# What the task requires:
Print nothing but the lines below starting at the line that holds "Here is a reminder" and ending at the line that holds "Thông số kỹ", including both, each exactly as written.

# Recorded data:

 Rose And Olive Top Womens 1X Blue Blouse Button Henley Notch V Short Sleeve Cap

* * *

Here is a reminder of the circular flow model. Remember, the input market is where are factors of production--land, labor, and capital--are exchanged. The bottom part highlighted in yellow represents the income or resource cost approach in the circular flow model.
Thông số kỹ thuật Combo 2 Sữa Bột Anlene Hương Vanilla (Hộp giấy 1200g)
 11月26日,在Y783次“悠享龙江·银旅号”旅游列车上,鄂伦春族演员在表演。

# Reply:
Here is a reminder of the circular flow model. Remember, the input market is where are factors of production--land, labor, and capital--are exchanged. The bottom part highlighted in yellow represents the income or resource cost approach in the circular flow model.
Thông số kỹ thuật Combo 2 Sữa Bột Anlene Hương Vanilla (Hộp giấy 1200g)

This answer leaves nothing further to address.